Far-IR transmittance and metal–insulator phase transition properties of VO2 films using Al2O3 as buffer layer

Abstract

Owing to its outstanding metal–insulator transition, vanadium dioxide is considered as an attractive material used for optical modulation devices at far-IR bands. In this work, vanadium dioxide films were successfully prepared on (111) directional silicon substrates using Al2O3 as buffer layer by direct current magnetron sputtering. It is worth noting that, Al2O3 buffer layer significantly enhances the amplitude modulation at far-IR bands. Particularly, when Al2O3 buffer layer’s thickness increases to ~ 40 nm and VO2 film is ~ 300 nm, the amplitude modulation is largely increased from 51.2 to 71.3% at 395 cm−1 and from 18.0 to 40.2% at 280 cm−1. According to XRD, XPS and SEM tests, it can be found that Al2O3 buffer layer affects the composition, crystal structure and metal–insulator transition properties of the films.
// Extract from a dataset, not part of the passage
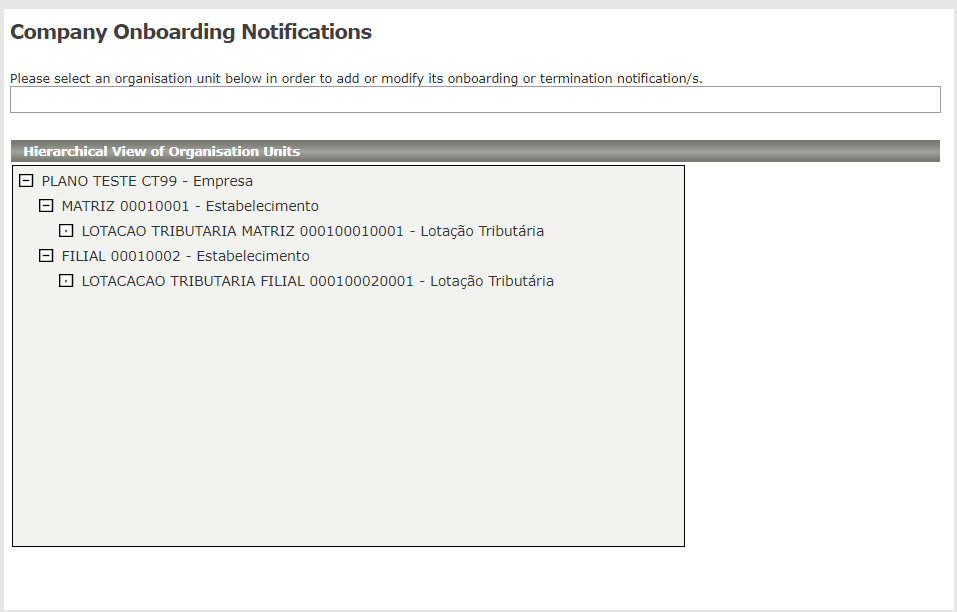 Please select an organisation unit below in order to add or modify its onboarding or termination notifications: This statement indicates that the user must select an organisational unit to add or modify the notifications associated with that unit.

Moreover, compared with VO2 films deposited on silicon substrates, VO2 films using Al2O3 as buffer layer exhibit better metal–insulator phase transition properties with narrower hysteresis width (11.8 °C, 6.7 °C narrower than former films). Such excellent metal–insulator transition properties indicate that VO2 films using Al2O3 as buffer layer have great potential for far-IR bands modulation applications.